Conclusion: These molecular and cellular findings, which indicate a recurrent mutational event, clearly demonstrate the pathogenicity of the p.A441V missense mutation in NLRP3-associated autoinflammatory disease and point to the interest of studying patients' primary cells to assess disease activity.

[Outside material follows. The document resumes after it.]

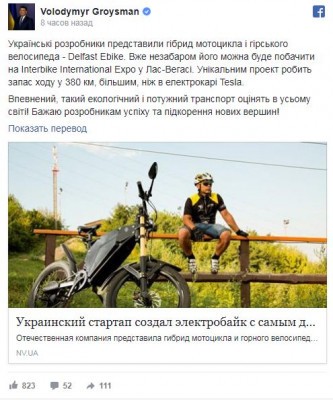 Премьер-министр Украины Владимир Гройсман сообщил, что украинские разработчики создали «уникальный проект» — гибрид мотоцикла и горного велосипеда. Уникальным изобретение делает то, что ходовой запас «мотоцикла-велосипеда» больше, чем у электрокара Tesla.

Keywords: IL‐1β; NLRP3; NLRP3‐AID; cryopyrin‐associated periodic syndromes; inflammasome; variation.

Figure 1

A, Genealogical tree of Family I with NLRP3‐AID and the identified NLRP3 mutation c.1322C>T (p.A441V). Filled symbols represent affected individuals, and empty symbols represent healthy subjects. The black arrow shows Proband I. The asterisk indicates that blood was available for monocyte isolation and ex vivo study. Nucleotide and amino acid coordinates are given assuming that the A of the first ATG codon is nucleotide #1. B, NLRP3 electropherograms corresponding to the direct Sanger sequencing of the polymerase chain reaction (PCR) products from one of the NLRP3‐AID patients (individual III.3, upper panel) showing the heterozygous mutation (c.1322C>T, p.A441V) and a control (lower panel).

Figure 2

A, Impact of the NLRP3 c.1322C>T transition at the protein level. Exonic organization of the human NLRP3 cDNA and domain‐organization model of the corresponding protein. The identified mutation is indicated. The red asterisk shows the location of the identified mutation in the NACHT domain (top). PYD, pyrin domain; NACHT (NAIP,CIITA,HET‐E and TP1) domain; NAD, NACHT‐associated domain; LRR, leucine‐rich repeat domain. B, Partial interspecies alignment of NLRP3 showing the evolutionary conservation of the domain containing A441 (left panel), as well as the conservation of A441 in NLRP12, one of the human NLRP3 paralogs (right panel).

Figure 3

A, Impact of the c.1322C>T, (p.A441V) mutation on apoptosis‐associated speck‐like protein containing a CARD (ASC) speck formation. HEK293T (ASC‐GFP_C1‐FLAG) cells were transfected with different amounts (375, 500, or 750 ng) of the pNLRP3‐WT, pNLRP3‐A441V, or the empty vector (EV). The percentage of ASC specks was calculated as described in Materials and Methods. Results represent the means ± SD from three independent experiments. P values were calculated using unpaired student's t test. Asterisks indicates significant P value (<0.05) as compared with the wild‐type (***P value = 0.0009, *P value = 0.0113, **P value = 0.0031). B, IL‐1β secretion, as assessed by ELISA in cell culture supernatants of phorbol myristate acetate–primed THP‐1 cells transfected with either 500 or 1000 ng of pNLRP3‐WT, pNLRP3‐A441V, or the empty vector and treated with LPS, a known stimulus for NLRP3 inflammasome. Results represent the mean ± SD of 3 independent experiments performed in triplicates. P values were calculated using unpaired student's t test. Asterisks indicates significant P value (<0.05) as compared with the wild type (***P value = 0.0009 or P value = 0.0006).

Figure 4

Expression of inflammasome‐related genes (NLRP3, CASP1, and ASC) and genes encoding cytokines in human polarized monocytes (M1: proinflammatory phenotype, M2: anti‐inflammatory phenotype, M0: basal conditions) in the presence or absence of LPS in Proband I, patients out of crisis (n = 6), and Proband II, as compared with apparently healthy donors (n = 4).

Figure 5

Cytokine levels (IL‐1β, IL‐1α, IL‐18, TNF‐α, IL‐6 and IL‐1Ra) in the supernatant of polarized monocytes (M1: proinflammatory phenotype, M2: anti‐inflammatory phenotype, M0: basal conditions) of Proband I, patients out of crisis (n = 6), and Proband II as compared with apparently healthy donors (n = 4) in the presence or absence of LPS.